The device must function automatically, and it must work whether or not the refrigerator has electrical power. Normal use of the product must not affect compliance with the anti-entrapment requirement.
Compliance with the requirements of 16 CFR Part 1750.5 are checked with the following tests respectively:
a. Test for releasing force on door
b. Test for knob torque
c. Tests for the strength of device components which affect the safety features of the device
d. Simulated use test
Although section 14(a)(1) of the CPSA, as amended by the CPSIA, might compel manufacturers to issue a general certificate of conformity (GCC), the CPSC determined that a safety certification mark indicating compliance with the voluntary standard UL 60335-2-24 is an appropriate proxy for a GCC indicating compliance with RSA and 16 CFR Part 1750.
Additionally, such products bearing an appropriate safety certification mark also indicate that the product is compliant with CPSC mandatory requirements.
Several certification bodies issue safety certification marks:
a. Underwriters Laboratories
b. CSA Group
c. Intertek (The ETL safety certification mark is issued)
What is the CPSC?
The United States Consumer Product Safety Commission is an independent federal agency tasked with identifying consumer products that pose an unreasonable risk of injury and creating standards to remove or lessen that risk.
What does the CPSC do?
To protect the public against unreasonable risks associated with consumer products, the CPSC:
a. Develops safety standards by collaborating with voluntary standard organizations (ANSI, ASTM, CSA, UL, and others)

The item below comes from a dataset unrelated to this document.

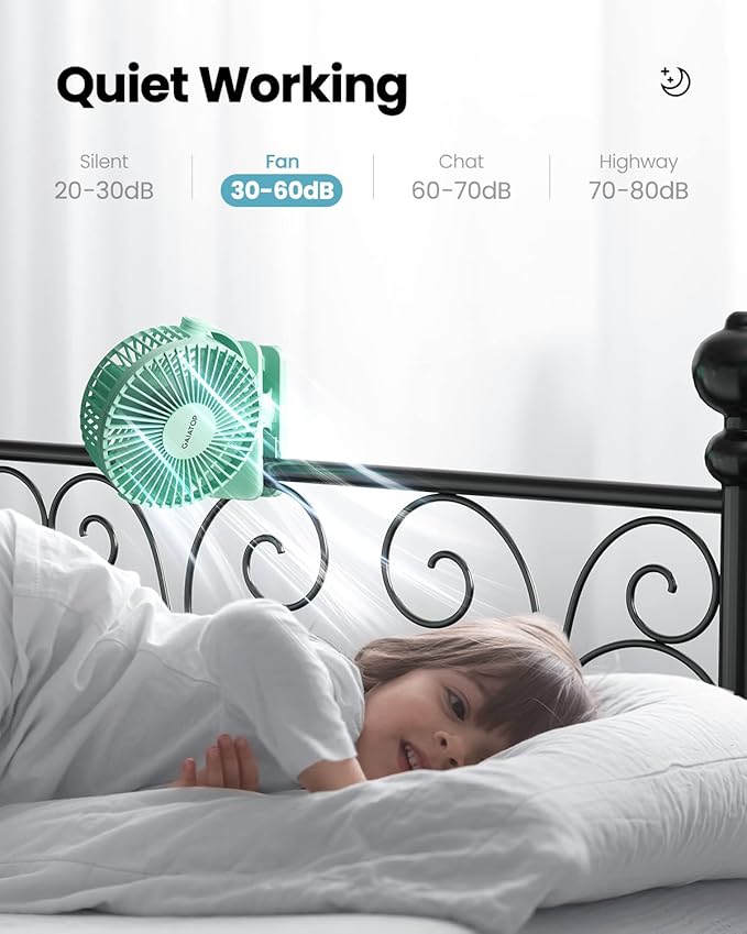 • Also Safe for Baby: The mini clip fan only has 5.5mm gaps, so it will protect the infant's little fingers from entering; While keeping toddlers safe, still works quietly and provides powerful wind

b. Issues and enforces mandatory standards, and bans consumer products if no standard would adequately protect the public
c. Obtains the recall of products
d. Researches potential product hazards
e. Informs and educates consumers
Are CPSC standards mandatory?
Yes, they are mandatory. Voluntary standards (e.g. ASTM standards) can be incorporated by reference in US regulations which essentially makes the voluntary standard mandatory.
Even if a voluntary standard is not incorporated by reference into federal law, federal agencies can use statutory authority to enforce voluntary standards in a manner identical to how they enforce mandatory standards.

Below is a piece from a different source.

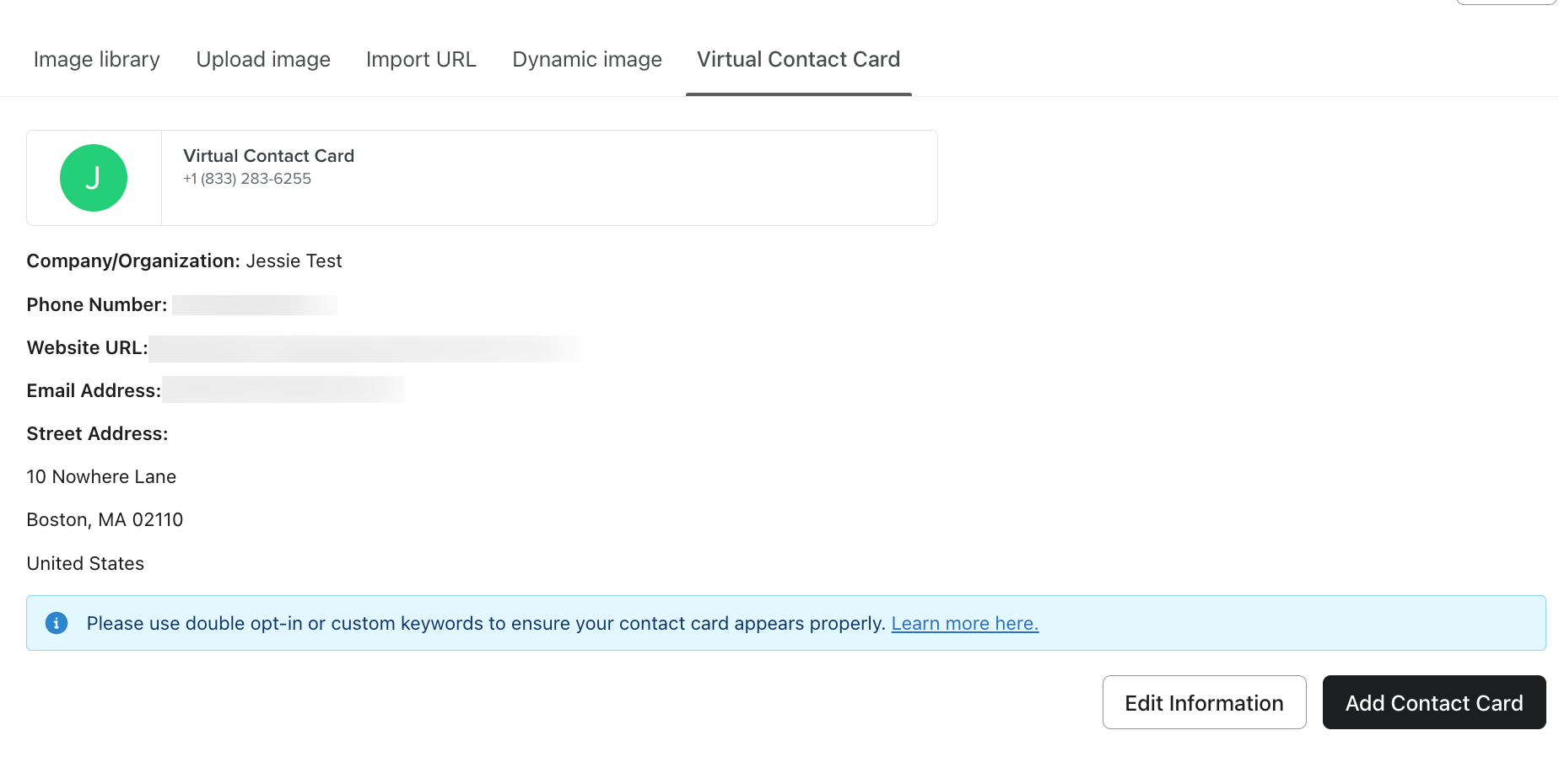 mottagare måste ha sms:at ditt nummer tidigare för att virtuella kontaktkort ska visas korrekt. Av denna anledning rekommenderar vi att du använder dubbel opt-in för din sms-lista eller anpassad Nyckelord för att säkerställa att din kund har smsat ditt nummer för att prenumerera.

How do I know which CPSC regulations apply to a certain product?
To find information on your product, you may check the list of regulated products on the CPSC’s website. If your product does not appear on the list, it may be an unregulated product. To ascertain whether your product is in CPSC’s jurisdiction, you can read this guide.
If your product is an unregulated product, there may still be reporting requirements related to dangerous products and lawsuits.
Additionally, the CPSC has provided an interactive guide, called Regulatory Robot, to provide basic regulatory guidance in relation to your interested product.
What can happen if our product is not compliant with the applicable CPSC regulations and standards?
Products that are not compliant with the applicable CPSC regulations and standards may be subject to corrective action and be recalled from the market. A comprehensive “Recall Checklist” is provided to help firms navigate the recall process.
Companies, including retailers, have a legal duty to report unsafe, hazardous, and non-compliant products unless they have actual knowledge that the CPSC has already been fully informed.
As the CPSC does not publish a list of reports that it has received or may be investigating, thus “when in doubt, report”. Consumer reports are available for search here. Failure to report may lead to substantial civil or criminal penalties.